When Edwards and her fellow captains, junior Nicole Thorley and sophomore Emry Wride, hashed out their most recent routine a little over a week ago, they figured they’d put together something the fans at Friday night’s game would enjoy.

“We want to make sure the crowd was going to be into it,” Thorley said. “We wanted to put in some tricks that people would like. But it was more of a relaxed routine for us that we could just have fun with.”

But by the time the last note of Ayo & Teo’s “Rolex” had played, the 18 members of the Cougarettes’ dance team had flipped onto the turf, and the school’s mascot, Cosmo, had pointed his finger into the air, Maxfield knew they’d struck gold.

“The crowd just went crazy,” she said. “Even during the game, I had a lot of people texting me, saying, ‘That was insane.
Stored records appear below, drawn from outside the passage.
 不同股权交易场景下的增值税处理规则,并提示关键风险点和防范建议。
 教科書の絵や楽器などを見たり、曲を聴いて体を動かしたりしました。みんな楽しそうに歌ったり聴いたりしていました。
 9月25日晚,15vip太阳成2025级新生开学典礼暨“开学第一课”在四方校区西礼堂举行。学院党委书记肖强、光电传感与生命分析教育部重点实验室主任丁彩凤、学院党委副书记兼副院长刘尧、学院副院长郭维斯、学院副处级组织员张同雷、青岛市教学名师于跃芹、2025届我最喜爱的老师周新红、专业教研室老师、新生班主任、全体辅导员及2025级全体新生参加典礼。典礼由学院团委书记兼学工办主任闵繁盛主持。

Lit.’ The things they say.”

And just like that, a viral sensation was born.

Since Friday night, the Cougarettes’ routine has been share and retweeted tens of thousands of times on Twitter and Facebook. They’ve been featured on CBS and have been interviewed by Inside Edition and the Washington Post. They’ve been contacted by the song’s creators asking to collaborate on some future project.
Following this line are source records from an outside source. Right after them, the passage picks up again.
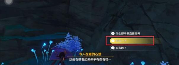3、任务提示会告诉我们需要调查石壁上的灌木。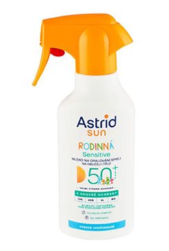 Astrid Sun rodinné mlieko v spreji Sensitive OF50+ ponúka oveľa viac než len základnú ochranu proti slnku. Zohľadňuje špeciálne dermatologické potreby detí i dospelých a poskytuje optimálnu ochranu pred 4 hlavnými typmi slnečného žiarenia (UVA, UVB, VL*, IRA*), ktoré poškodzujú pokožku. Ľahká textúra nezanecháva biely film na pokožke. Zároveň pomáha minimalizovať riziko alergických reakcií a vďaka kombinácii kyseliny hyalurónovej s betaínom upokojuje citlivú pokožku a udržuje ju dlhodobo hydratovanú. Vyskúšajte mlieko na opaľovanie pre celú rodinu od značky Astrid pre bezpečný pobyt na slnku.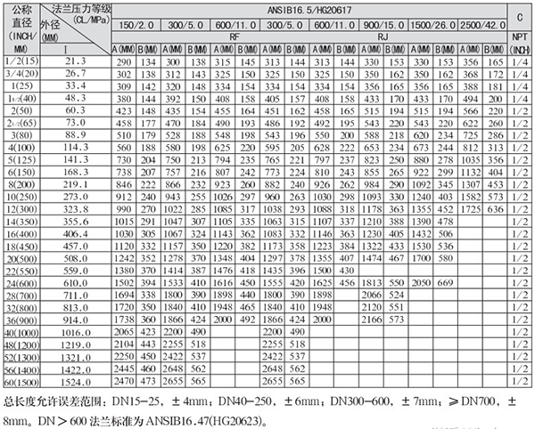 壓力等級(jí)(CL/MPa):150/2.0、300/5.0、600/11.0、900/15.0、1500/26.0、2500/42.0
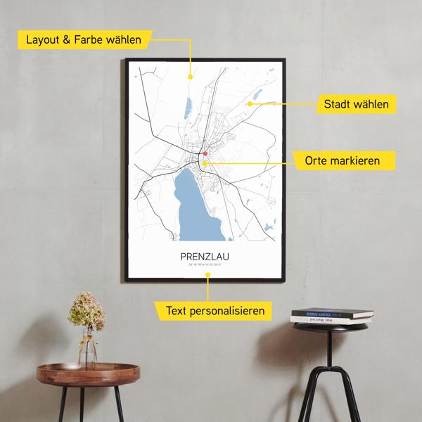 Wähle Farben und Layouts, die perfekt zu dir passen. Ob als klassische Karte in schwarz-weiß oder in modernen Farben. Bei Cartida kannst du ein Design in deinen Lieblingsfarben wählen. Erstelle eine Variante von Prenzlau, die perfekt zu dir und deiner Wohnung passt.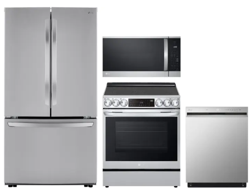 Revitalize your kitchen with this LG appliance ensemble, delivering a blend of sophistication and utility. This collection boasts a sleek side by side refrigerator, complemented by an electric range, an above-range microwave, and a built-in dishwasher. Elevate your culinary space with LG! Where advanced functionality meets timeless design, presenting an ideal enhancement for your kitchen.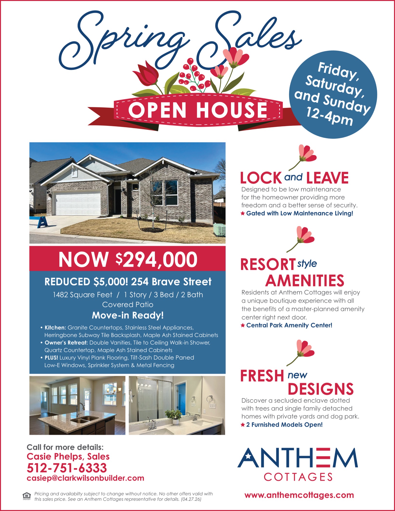 Stop by on Friday, Saturday, or Sunday and see The Dove plan available for immediate move-in and priced at $294,000!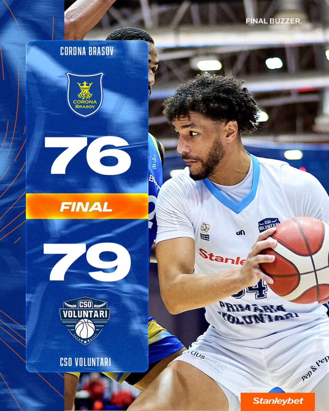 CSO Voluntari a câștigat meciul disputat în deplasare, cu echipa Corona Brașov, scor 79-76, în etapa cu numărul 23 a Ligii Naționale de Baschet Masculin. Este cel de-al șaselea succes consecutiv al echipei ilfovene în prima ligă.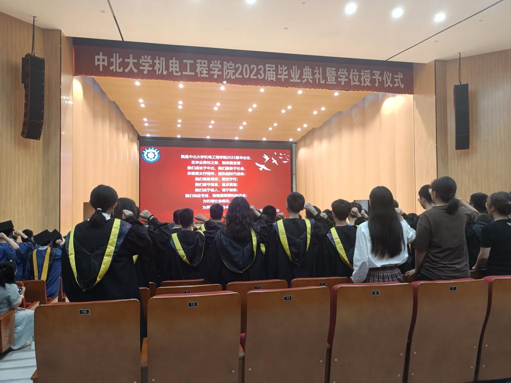 2023届毕业生,在毕业离校之际,我郑重宣誓:我们成长于中北,我们服务于社会承载着太行精神,担负起时代使命;我们情系母校,致知于行;我们坚守信念,追求真理;我们诚于做人,恒于做事;我们响应号召,到祖国需要的地方去;为和谐社会建功,为民族复兴奋斗!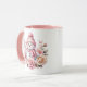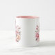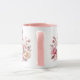 This ceramic coffee mug is shown in a festive holiday pink snowman print.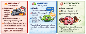 👉 Refined carbs + sugar = fast dopamine hit 👉 Your brain goes: “That’s good… do that again” 👉 Repeat it enough = you’re not choosing it anymore… it’s choosing you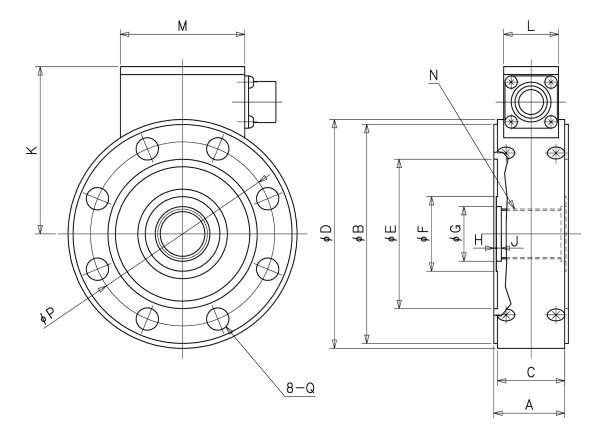 | Model | Capacity | A | B | C | D | E | F | G(H7) | H | J | K | L | M | N | P | Q | Natural frequency | Weight |

Cosmo, the mascot, text messages the dancers whenever a celebrity retweets the routine.

“The hardest thing for us is him not getting recognition for the person that he is,” Maxfield said. “He gets it as the mascot.”

“It’s frustrating,” Thorley said.

“Some day everyone will know,” Maxfield said.
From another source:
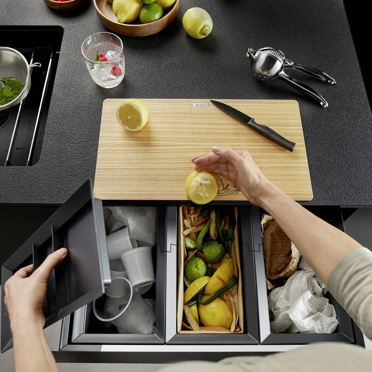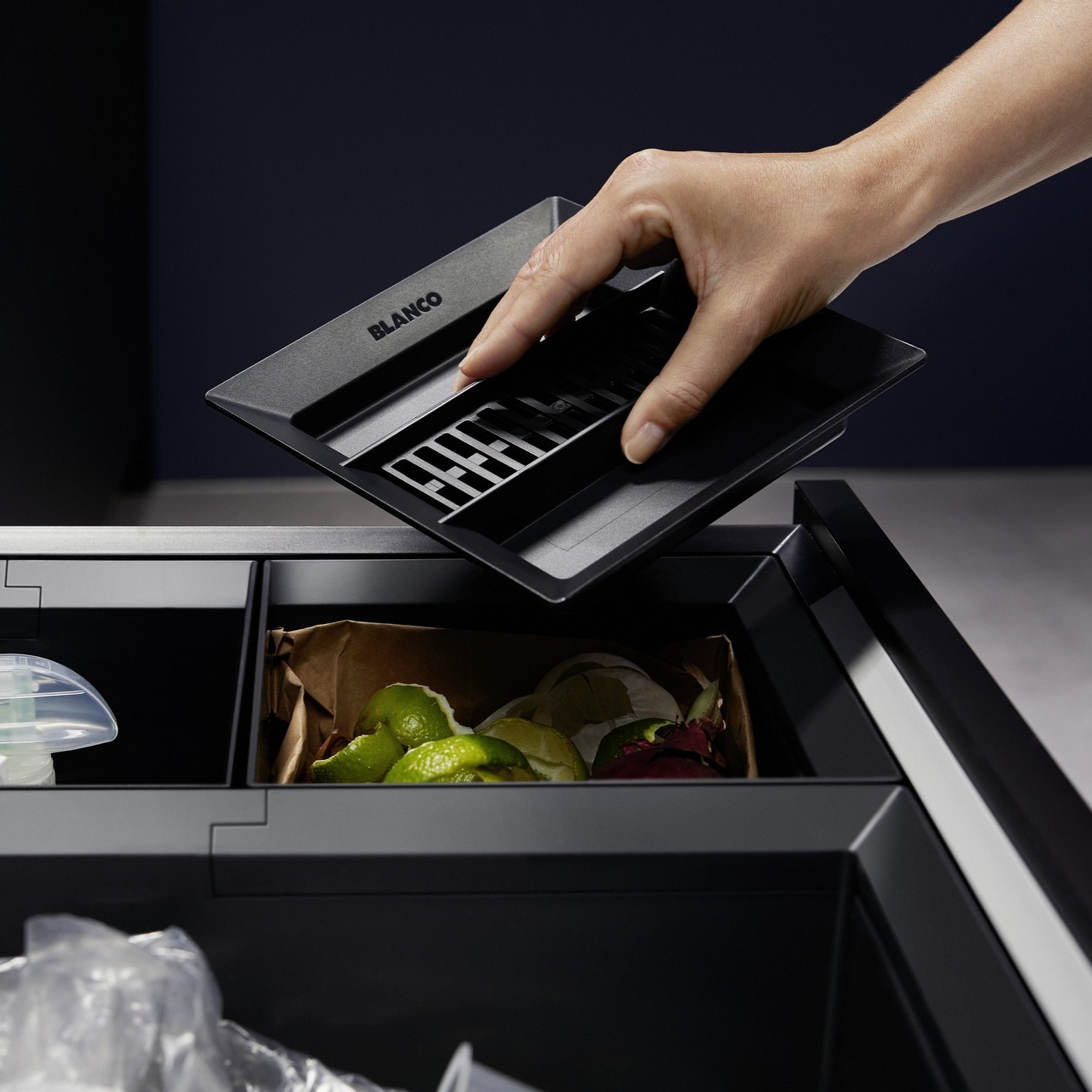 BLANCO sorter FLEXON II LOW 60/3 – kui valamu aluskapp on juba hõivatud veesüsteemi komponentidega, nagu filter või jäätmepurustaja ja pakub seetõttu vähe ruumi jäätmete eraldamiseks ja aluskapi korraldamiseks, paigaldatakse FLEXON II Low teise jagatud sahtlitega aluskappi kas alumisse sahtlisse või väga ergonoomiliselt tööpinna alla.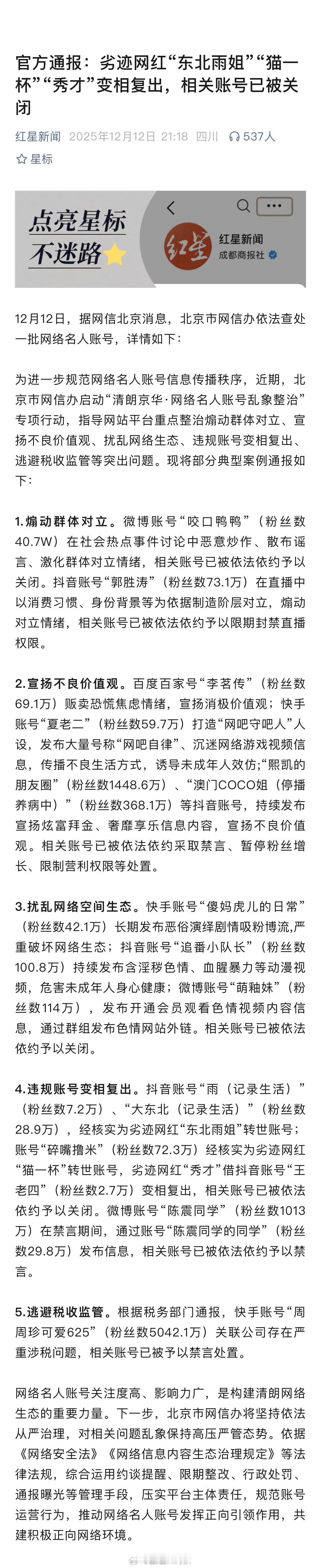 劣迹网红“东北雨姐”“猫一杯”“秀才”变相复出,相关账号已被关闭。通报里提了陈震

Here’s what the Cougarette’s will share about the man behind the mask: He is male, and a senior at the university. He is not a member of the dance team and, in fact, has no formal dance training in his background.

“He’s still a pretty good dancer,” Jodi said. “We wouldn’t let anybody dance with us that wasn’t able to keep up with the girls.”

The Cougarettes are pretty tough to keep up with. They’ve won 16 national dance championships in their history, most recently in 2016, and they have had plenty of success with their hip-hop performances at competitions.

“Do they really think that we don’t dance at BYU?” Edwards wondered with a laugh. “We have such a huge dancer department. It’s crazy that they think we’re not allowed to do this kind of stuff. It’s comical.”

This particular Cosmo is a long-time supporter of the dance program. He watches Cougarette’s routines and picks up moves here and there. A few years ago, he drove to Florida to watch them compete in the national tournament.

In Maxfield’s 28 years at BYU, she believes there have been maybe two or three Cosmos who have been asked to learn some choreography for performances, and only one who has been ever asked to learn a full routine. The Cougarettes called on their mascot last year for a performance, and knew they wanted to include him again this season.

When he arrived for his first rehearsal, Thorley said, “he was on point.”

“He knew the whole thing,” Edwards said.

“He’s never trained in dance,” Thorley said.

After two or three rehearsals in the week leading up to Friday’s game, Cosmo and the Cougarettes were ready to take the field.

“He was incredible,” Wride said with a smile. “What other school has a mascot that can do that?”